### Try it
Where a record contains an image, leave the image out and print the rest exactly.

### Records to use
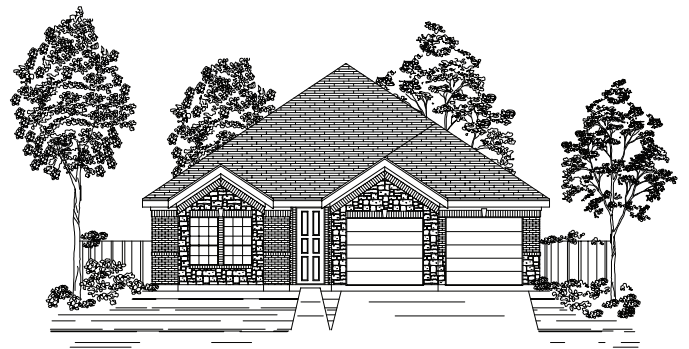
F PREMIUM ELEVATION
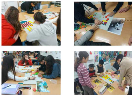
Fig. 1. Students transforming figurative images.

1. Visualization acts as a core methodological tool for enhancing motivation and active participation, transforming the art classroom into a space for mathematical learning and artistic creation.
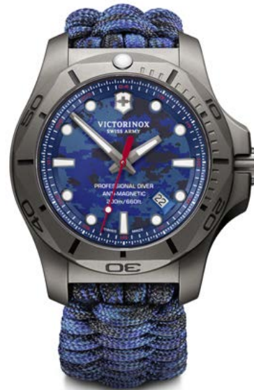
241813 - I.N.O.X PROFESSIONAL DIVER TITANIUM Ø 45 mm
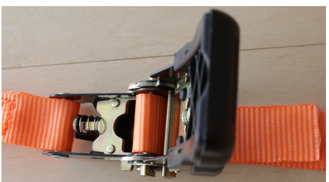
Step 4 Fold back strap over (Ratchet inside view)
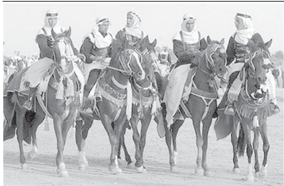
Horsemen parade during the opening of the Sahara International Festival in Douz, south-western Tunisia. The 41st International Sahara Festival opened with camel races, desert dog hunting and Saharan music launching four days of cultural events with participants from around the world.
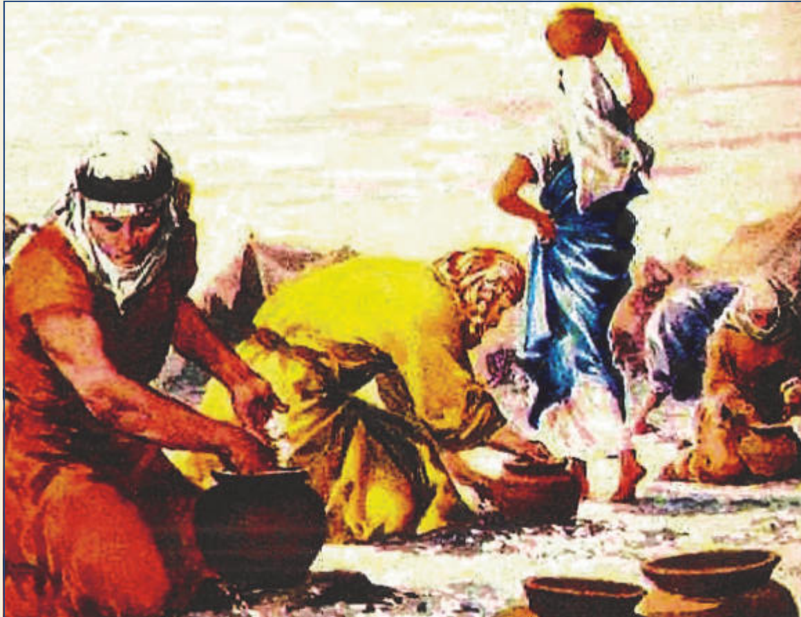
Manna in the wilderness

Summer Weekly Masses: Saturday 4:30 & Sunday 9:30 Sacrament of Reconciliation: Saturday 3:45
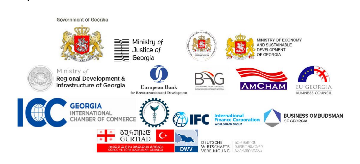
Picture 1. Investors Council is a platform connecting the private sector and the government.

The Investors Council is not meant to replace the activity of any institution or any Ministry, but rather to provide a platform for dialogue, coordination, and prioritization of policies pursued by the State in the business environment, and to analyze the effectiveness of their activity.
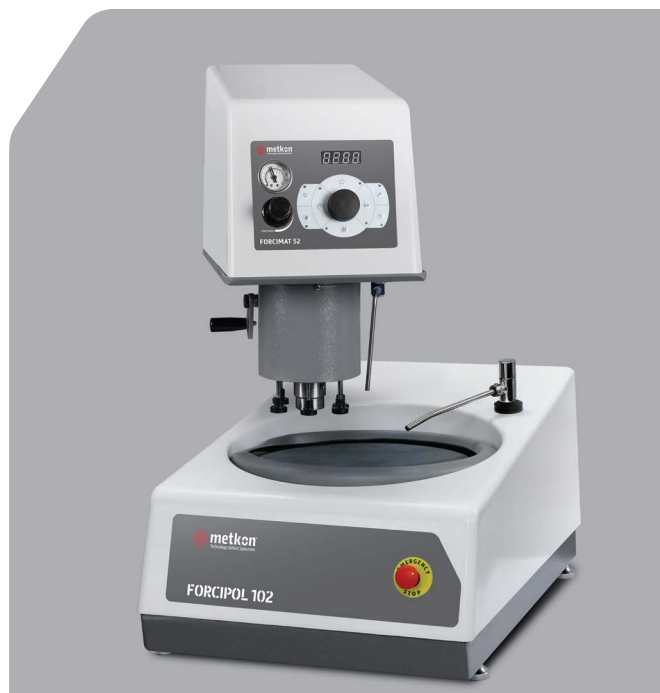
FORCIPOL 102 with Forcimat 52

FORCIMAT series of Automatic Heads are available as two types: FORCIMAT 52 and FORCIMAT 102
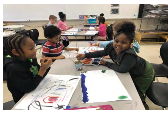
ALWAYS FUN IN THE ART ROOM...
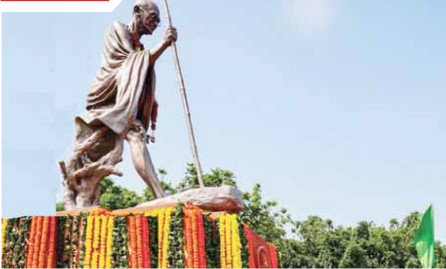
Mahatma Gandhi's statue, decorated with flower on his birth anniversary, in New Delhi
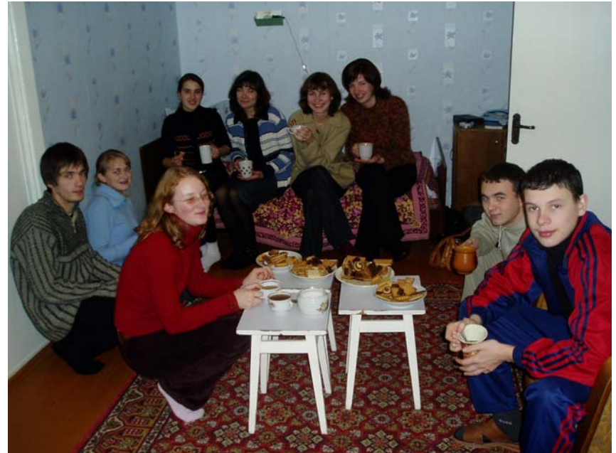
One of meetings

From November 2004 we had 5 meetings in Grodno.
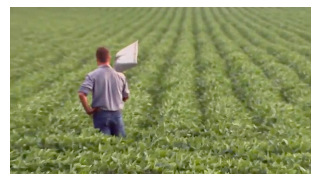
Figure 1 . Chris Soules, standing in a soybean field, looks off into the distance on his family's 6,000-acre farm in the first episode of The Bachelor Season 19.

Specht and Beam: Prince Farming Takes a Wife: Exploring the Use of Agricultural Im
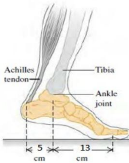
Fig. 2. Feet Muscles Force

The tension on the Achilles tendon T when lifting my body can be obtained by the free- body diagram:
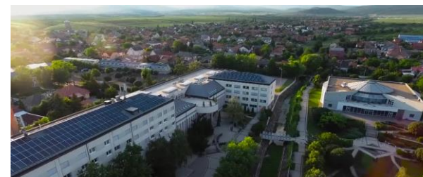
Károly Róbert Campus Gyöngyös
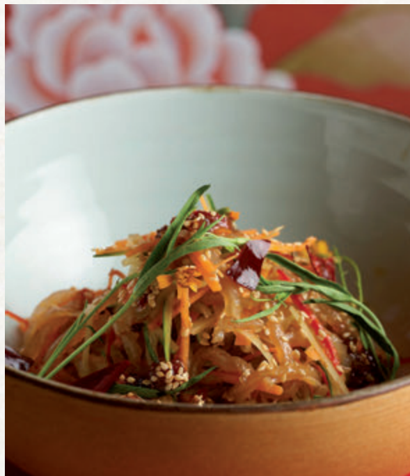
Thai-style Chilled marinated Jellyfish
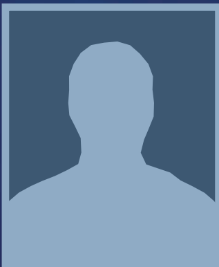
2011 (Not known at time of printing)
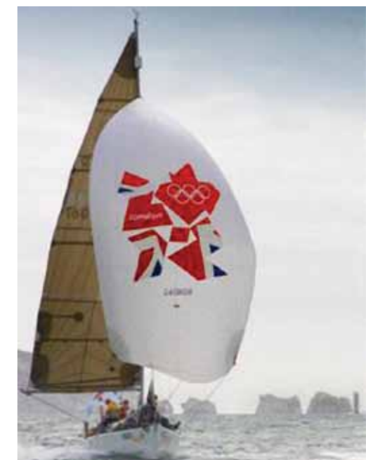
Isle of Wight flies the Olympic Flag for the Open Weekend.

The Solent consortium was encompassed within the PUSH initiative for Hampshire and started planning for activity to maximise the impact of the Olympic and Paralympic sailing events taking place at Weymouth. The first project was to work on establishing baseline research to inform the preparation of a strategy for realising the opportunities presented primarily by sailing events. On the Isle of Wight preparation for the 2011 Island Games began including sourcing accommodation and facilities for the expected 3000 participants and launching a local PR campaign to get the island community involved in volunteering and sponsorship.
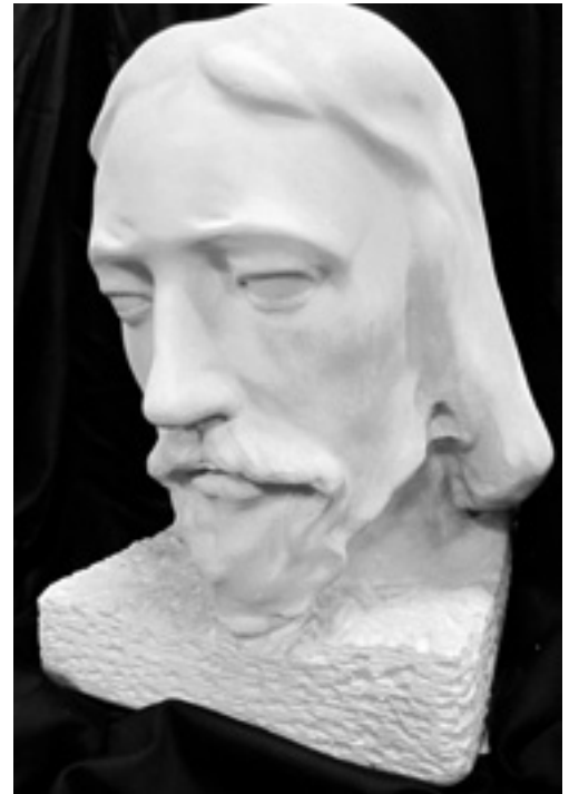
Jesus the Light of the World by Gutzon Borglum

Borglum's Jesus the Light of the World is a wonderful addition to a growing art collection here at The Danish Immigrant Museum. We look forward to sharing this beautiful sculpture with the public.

### Result
F PREMIUM ELEVATION
Fig. 1. Students transforming figurative images.

1. Visualization acts as a core methodological tool for enhancing motivation and active participation, transforming the art classroom into a space for mathematical learning and artistic creation.
241813 - I.N.O.X PROFESSIONAL DIVER TITANIUM Ø 45 mm
Step 4 Fold back strap over (Ratchet inside view)
Horsemen parade during the opening of the Sahara International Festival in Douz, south-western Tunisia. The 41st International Sahara Festival opened with camel races, desert dog hunting and Saharan music launching four days of cultural events with participants from around the world.
Manna in the wilderness

Summer Weekly Masses: Saturday 4:30 & Sunday 9:30 Sacrament of Reconciliation: Saturday 3:45
Picture 1. Investors Council is a platform connecting the private sector and the government.

The Investors Council is not meant to replace the activity of any institution or any Ministry, but rather to provide a platform for dialogue, coordination, and prioritization of policies pursued by the State in the business environment, and to analyze the effectiveness of their activity.
FORCIPOL 102 with Forcimat 52

FORCIMAT series of Automatic Heads are available as two types: FORCIMAT 52 and FORCIMAT 102
ALWAYS FUN IN THE ART ROOM...
Mahatma Gandhi's statue, decorated with flower on his birth anniversary, in New Delhi
One of meetings

From November 2004 we had 5 meetings in Grodno.
Figure 1 . Chris Soules, standing in a soybean field, looks off into the distance on his family's 6,000-acre farm in the first episode of The Bachelor Season 19.

Specht and Beam: Prince Farming Takes a Wife: Exploring the Use of Agricultural Im
Fig. 2. Feet Muscles Force

The tension on the Achilles tendon T when lifting my body can be obtained by the free- body diagram:
Károly Róbert Campus Gyöngyös
Thai-style Chilled marinated Jellyfish
2011 (Not known at time of printing)
Isle of Wight flies the Olympic Flag for the Open Weekend.

The Solent consortium was encompassed within the PUSH initiative for Hampshire and started planning for activity to maximise the impact of the Olympic and Paralympic sailing events taking place at Weymouth. The first project was to work on establishing baseline research to inform the preparation of a strategy for realising the opportunities presented primarily by sailing events. On the Isle of Wight preparation for the 2011 Island Games began including sourcing accommodation and facilities for the expected 3000 participants and launching a local PR campaign to get the island community involved in volunteering and sponsorship.
Jesus the Light of the World by Gutzon Borglum

Borglum's Jesus the Light of the World is a wonderful addition to a growing art collection here at The Danish Immigrant Museum. We look forward to sharing this beautiful sculpture with the public.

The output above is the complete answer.